Analisi

Immuni, cosa dire della sua utilità sulla base dei dati che (non) abbiamo

di Federico Cabitza, Professore Sistemi Informativi e Interazione Uomo-Macchina all’Università degli Studi di Milano-Bicocca |

Al momento le incognite sono più delle certezze e ciò che preoccupa di più, a quasi 4 mesi dall’inizio del progetto Immuni su scala nazionale è la non trasparenza nella condivisione dei dati e una bassa sensibilità riguardo alla necessità di analizzare i dati per cercare e trovare prove di efficacia.

Come noto, la situazione di diffusione della pandemia COVID-19 in molti stati Europei sta raggiungendo numeri che, sebbene ancora molto diversi dalla situazione italiana, non lasciano prevedere un autunno tranquillo e anzi presagire che la situazione dei contagi potrà tornare a salire anche in Italia, con il conseguente spettro di altre forme, più o meno diffuse, di limitazione alla circolazione delle persone sui territori interessati da intensi focolai epidemici.

In questo contesto di incertezza, è più che lecito chiedersi se l’app di digital contact tracing Immuni potrà essere utile, soprattutto in questo periodo di riapertura degli istituti scolastici in cui non sono infrequenti, anche da parte di influenti esponenti del governo, appelli ad una maggiore diffusione e uso.
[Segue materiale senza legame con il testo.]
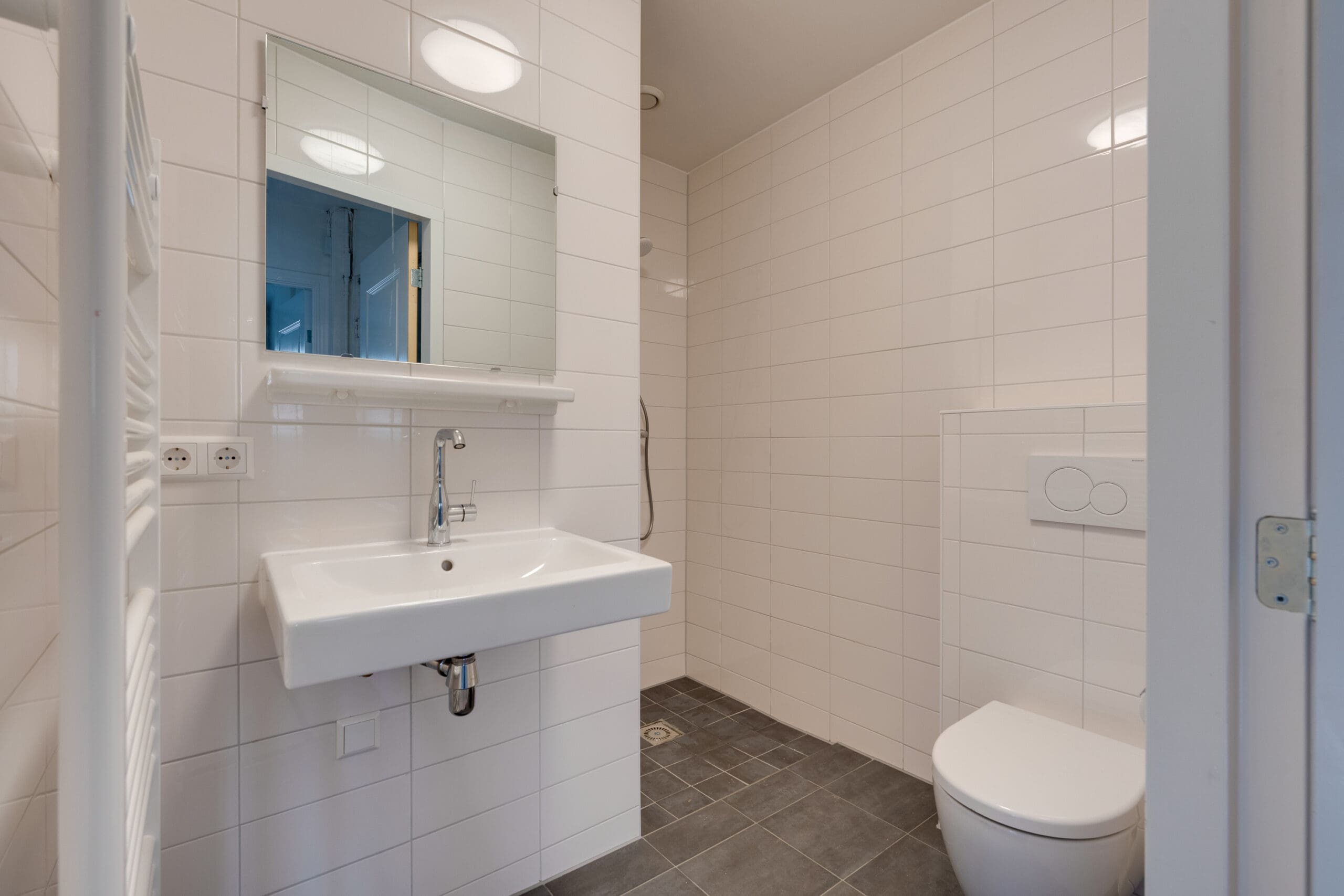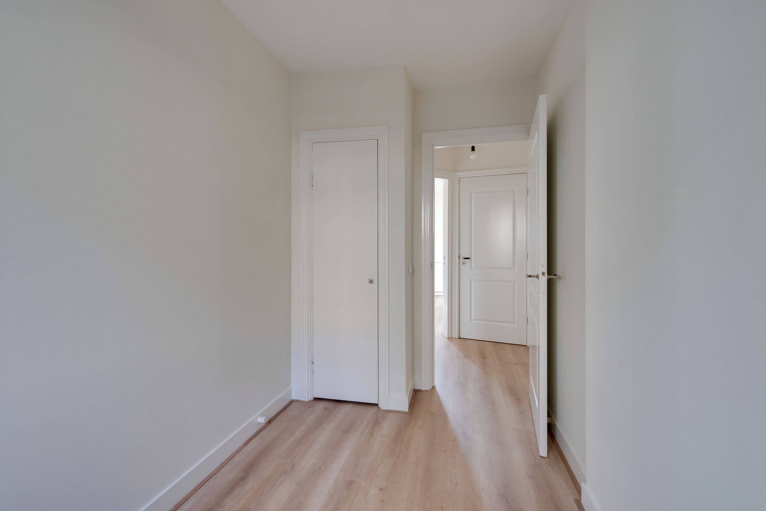 De twee slaapkamers zijn gelegen aan de voorzijde van de woning en voorzien van verduisterende overgordijnen. De badkamer is voorzien van een inloopdouche, zwevend toilet, wastafel met spiegel en planchet en een design radiator. Centraal in de woning bevindt zich een bergruimte met wasmachineaansluiting.

Come abbiamo indicato più volte anche su Key4biz, ogni appello ad un maggiore uso di Immuni si basa sulla convinzione che essa sia utile a contenere la diffusione del contagio, ma questa convinzione non è basata su prove di efficacia e utilità basata sui dati, o almeno su dati che siano stati condivisi alla comunità scientifica italiana per una verifica distribuita, indipendente e verificata da più ricercatori.

A partire dai pochi dati estrapolati finora da interviste e conferenze stampa cosa può quindi essere detto della efficacia di Immuni? 
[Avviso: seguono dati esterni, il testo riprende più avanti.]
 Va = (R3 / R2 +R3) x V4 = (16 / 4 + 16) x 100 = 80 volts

Partiamo da un dato indiretto: nella settimana dal 10 al 16 Settembre 2020 in Svizzera il sito ufficiale della app di tracciamento, Swisscovid, riporta 465 procedure di sblocco, cioè persone trovate positive che avevano installato l'”Immuni” svizzera e hanno segnalato la loro positività al sistema perché questo notificasse ai loro contatti stretti di essere a rischio (numero di contatti di cui purtroppo ignoriamo il numero). Nello stesso periodo 2.911 persone sono state trovate positive in Svizzera. Di queste però circa 2.154 erano in “età da app”, cioè circa il 74%, estrapolando il dato dalla composizione anagrafica della Confederazione. 465 “autodenunce” su 2.154 positivi che avrebbero avuto la app corrisponde al 22%. È plausibile, perché gli utenti attivi di Swisscovid in Svizzera sono 1 milione e 600.000, il 25% delle persone in età da app (che sono 6 milioni e 405mila, su una popolazione di 8.656.000). L’ordine di grandezza è il medesimo. Se in uno stato si trovano tot positivi in età da app, ci si aspetta che il numero di utenti di app di contact tracing trovati positivi sia simile alla proporzione di utenti di quella app rispetto alla popolazione in età da app.
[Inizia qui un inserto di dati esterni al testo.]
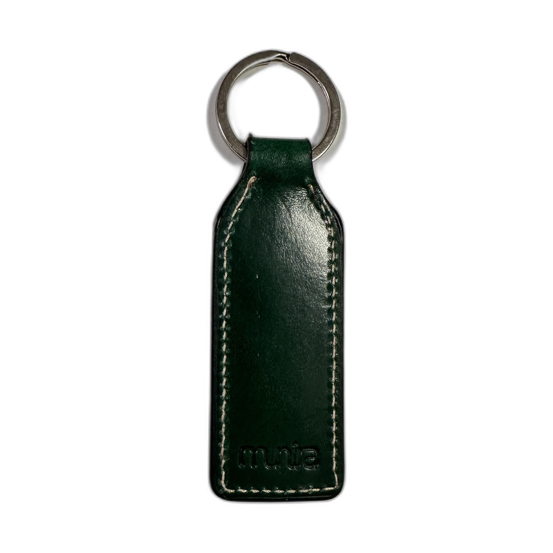 Llavero de piel de curtición natural fabricado en España y grabado con calor.

Applichiamo ora il medesimo ragionamento ad Immuni. In agosto i positivi sono stati 20.755. Estrapoliamo dal dato anagrafico italiano il numero di positivi nell’età da app: circa 15.600. Se consideriamo la diversa prevalenza della malattia nei vari strati della popolazione il numero potrebbe essere leggermente più alto, circa 17.000, ma ritengo non molto diverso. Ora quante persone in età da app hanno Immuni? Non possiamo considerare 6 milioni e 100 mila, l’unico dato condiviso dal Governo e dal CTS, perché questi sono i download, non i suoi utenti attivi.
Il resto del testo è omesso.